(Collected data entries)
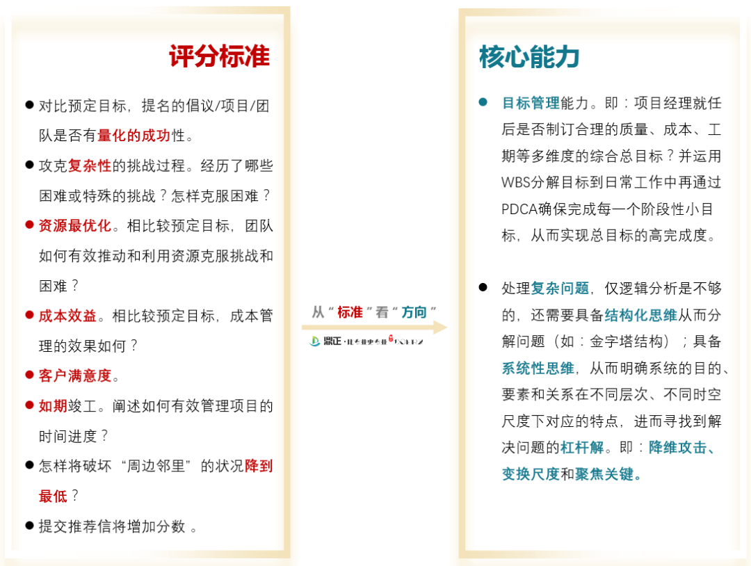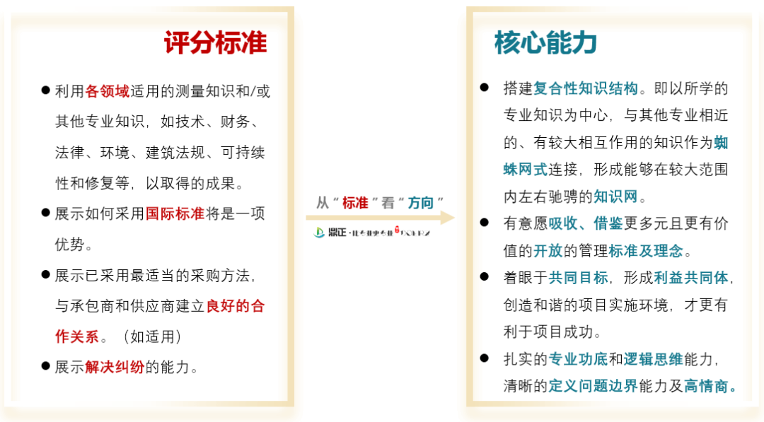 通过此次评奖申报过程中的思考与体会,我们想从RICS中国奖评分标准谈谈项目经理的努力方向。无论是投资决策咨询、规划设计,还是政府采购与招标代理、工程造价咨询、工程监理及项目管理咨询的项目经理,都需要明确优秀的项目管理是什么样的?要实现这些成果需要培养并精进哪些核心能力?
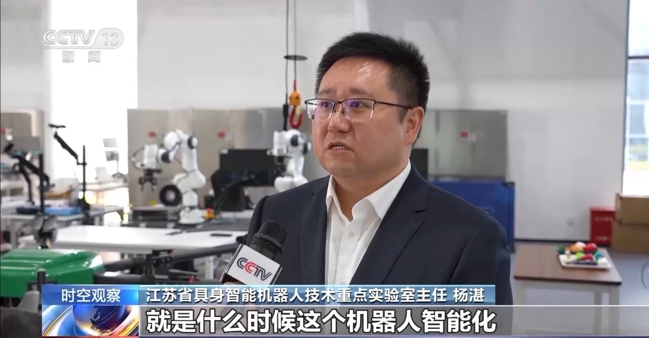 江苏省具身智能机器人技术重点实验室主任 杨湛:什么样标准的机器人我们讨论很多种。是加了手的手机、还是加了手的家电?什么时候机器人智能化,包括它的软件化水平像手机一样安全,同时机械结构以及设计符合国家标准,像家电一样安全才能进入家庭。
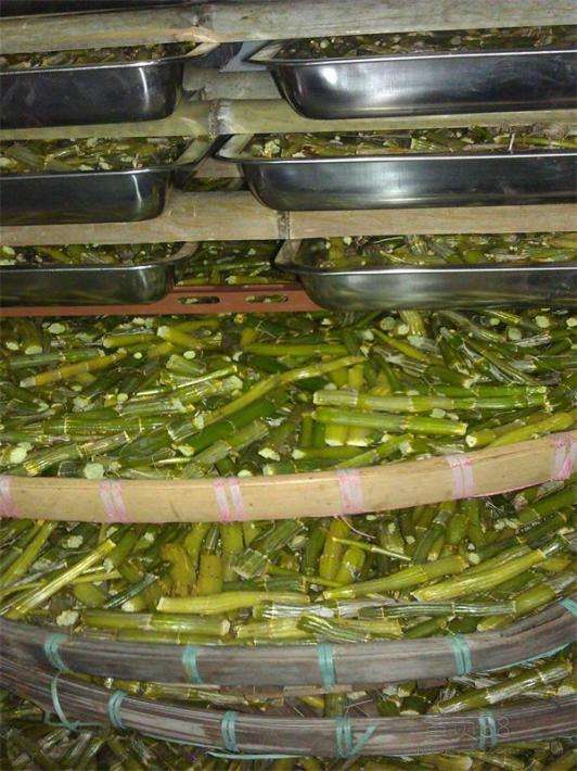 1、石斛全年各季度均可采收,以11-4月為石斛采收期,考慮到維生素及藥性成分,采收時(shí)以生長(zhǎng)約2-3年的石斛莖干為宜,隨后修剪去除莖干上多余的根須、葉梢和花序殘留部分,留下的石斛鮮條洗凈后攤放在通風(fēng)陰涼處。
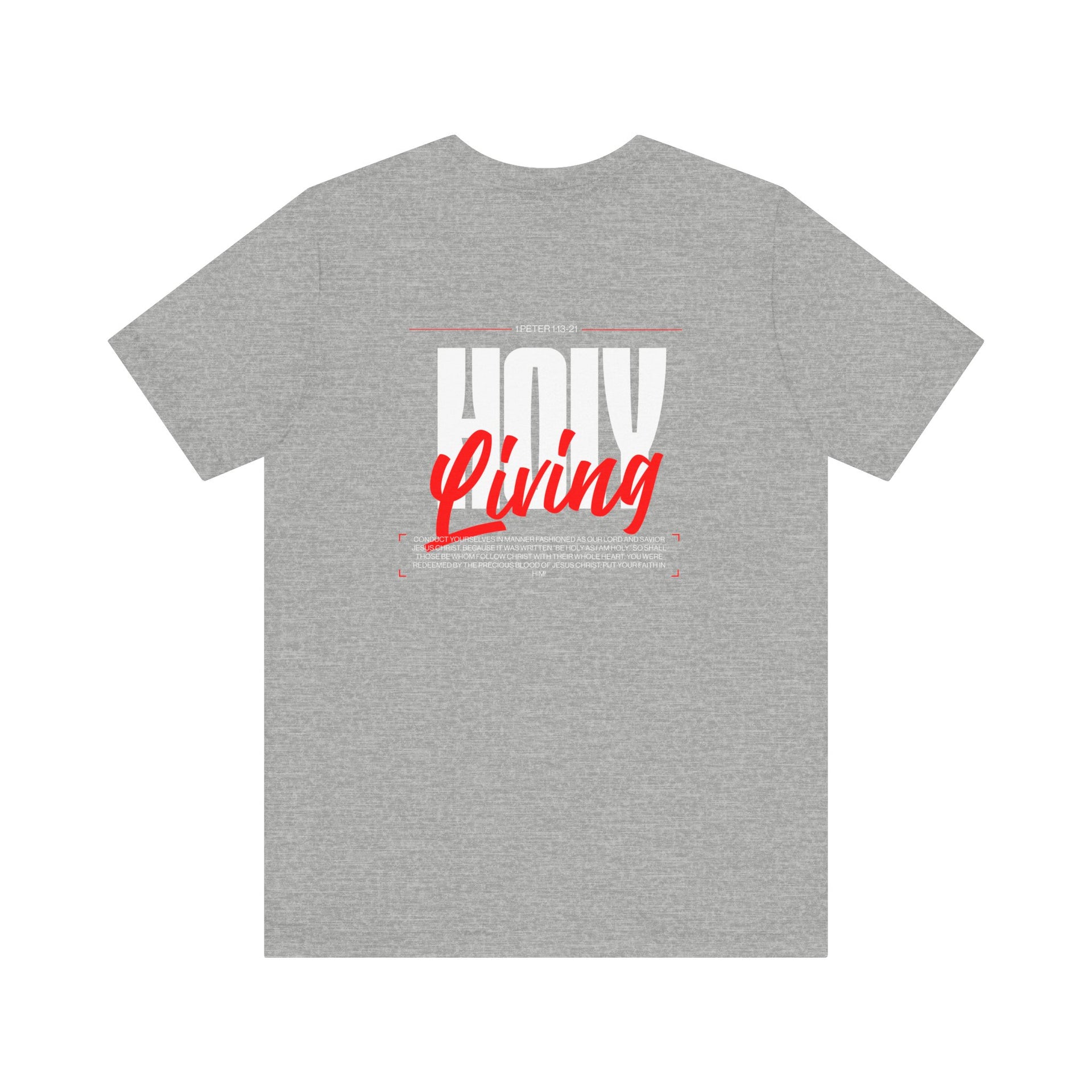 Step into your faith boldly with the "Holy Living" T-shirt, inspired by 1 Peter 1:13-21. This striking design reminds us of the call to live a life set apart, rooted in Christ's holiness, and redeemed by His precious blood. With the powerful words “Be holy as I am holy” and a bold, contemporary design, this T-shirt is both a fashion statement and a declaration of faith.
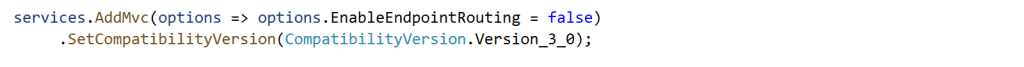 While in the startup.cs, we also update the compatibility version to 3.0.
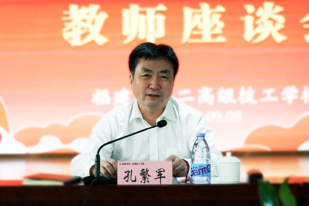座谈会上,孔繁军厅长代表福建省人社厅向学校老师以及全省技工院校的教职员工致以节日问候和美好祝愿,并向为技工教育和职业培训事业给予关心、作出贡献的离退休教职工和社会各界人士表示衷心感谢。
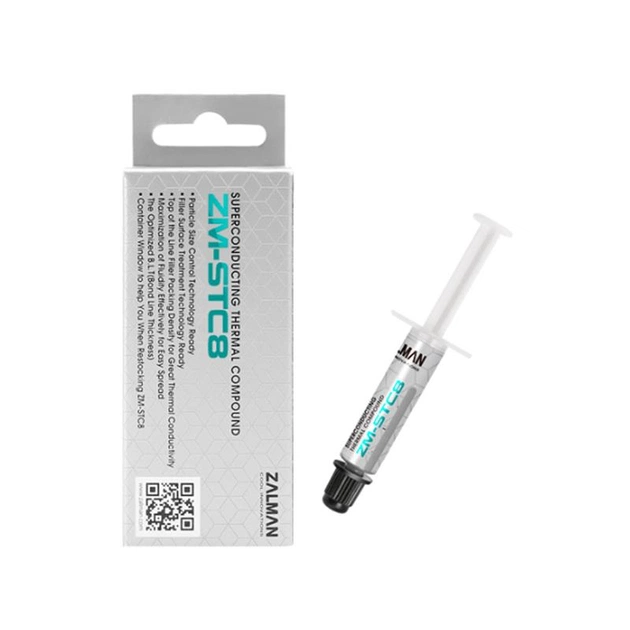З термопастою Zalman ZM-STC8 вас ніколи не потурбують перебої в роботі комп’ютера через його перегріву процесора. Модель відрізняє зручна упаковка, завдяки чому з нею зручно працювати і також комфортно згодом зберігати залишки невикористаного матеріалу. До достоїнств ZALMAN ZM-ЅТС8 можна віднести вражаючу теплопровідність. З ZALMAN ZM-ЅТС8 все тепло, створюване процесором, буде передаватися встановленій системі охолодження.
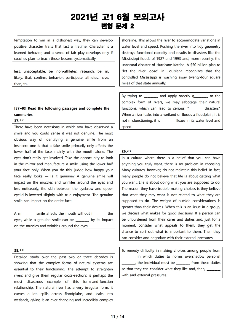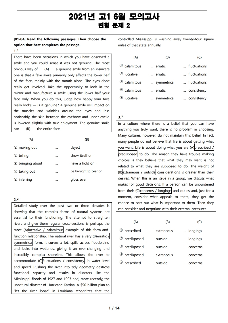 2021년 고1 6월 전국 연합 모의고사 변형 문제 2의 지문입니다.
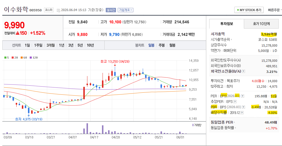포인트 : 작년 배당 4%의 좋은 회사임에, 코로나19로 인해 주가가 20~30% 비싸진 것이 단점.
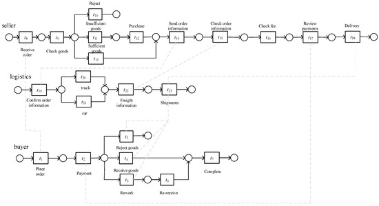 1. In the first trace, a decrease of 1000 units: After t9 occurs, the quantity is still deemed sufficient. The order information is then sent to logistics. Due to the decrease in quantity, the transportation mode changes according to Figure 4, resulting in a change in freight. The seller then rechecks the fees. In this trace, the expected behaviors of t9 are {t13, t14, t16}, all of which satisfy the rule for a quantity less than 3000 units. Therefore, the effective expected behaviors are the same as the expected behaviors.
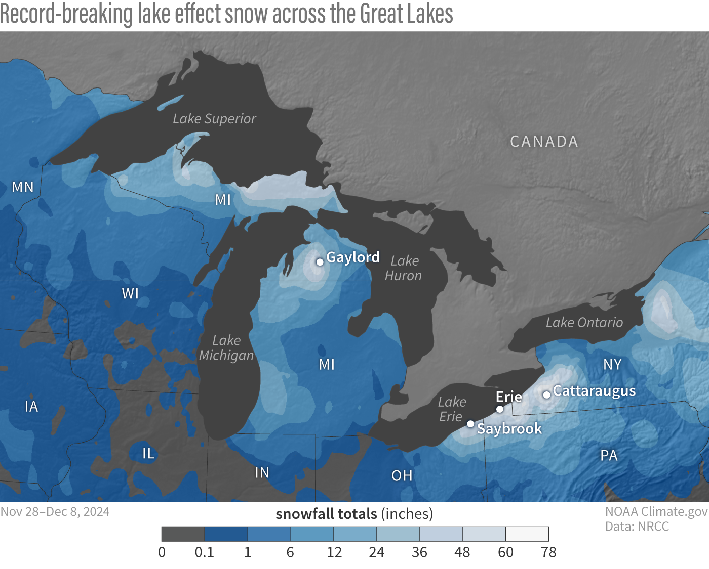 Snowfall totals across the Great Lakes from November 28 to December 8, 2024. The heaviest snowfall is depicted in white while lower totals are in various shades of blue. Any snowfall that was between zero but less than measurable (or 0.1 inches) is in dark gray. Note: There is no snowfall data for Canada included on this map. NOAA Climate.gov image based on data from the Northeast Regional Climate Center.

__WHAT IS REQUIRED__:
The line holding "З термопастою Zalman" starts the copy and the line holding "1. In the first" ends it. Repeat those two lines above and all between them exactly, leaving out pictures.

__RESPONSE TO THIS TASK__:
З термопастою Zalman ZM-STC8 вас ніколи не потурбують перебої в роботі комп’ютера через його перегріву процесора. Модель відрізняє зручна упаковка, завдяки чому з нею зручно працювати і також комфортно згодом зберігати залишки невикористаного матеріалу. До достоїнств ZALMAN ZM-ЅТС8 можна віднести вражаючу теплопровідність. З ZALMAN ZM-ЅТС8 все тепло, створюване процесором, буде передаватися встановленій системі охолодження.
 2021년 고1 6월 전국 연합 모의고사 변형 문제 2의 지문입니다.
포인트 : 작년 배당 4%의 좋은 회사임에, 코로나19로 인해 주가가 20~30% 비싸진 것이 단점.
 1. In the first trace, a decrease of 1000 units: After t9 occurs, the quantity is still deemed sufficient. The order information is then sent to logistics. Due to the decrease in quantity, the transportation mode changes according to Figure 4, resulting in a change in freight. The seller then rechecks the fees. In this trace, the expected behaviors of t9 are {t13, t14, t16}, all of which satisfy the rule for a quantity less than 3000 units. Therefore, the effective expected behaviors are the same as the expected behaviors.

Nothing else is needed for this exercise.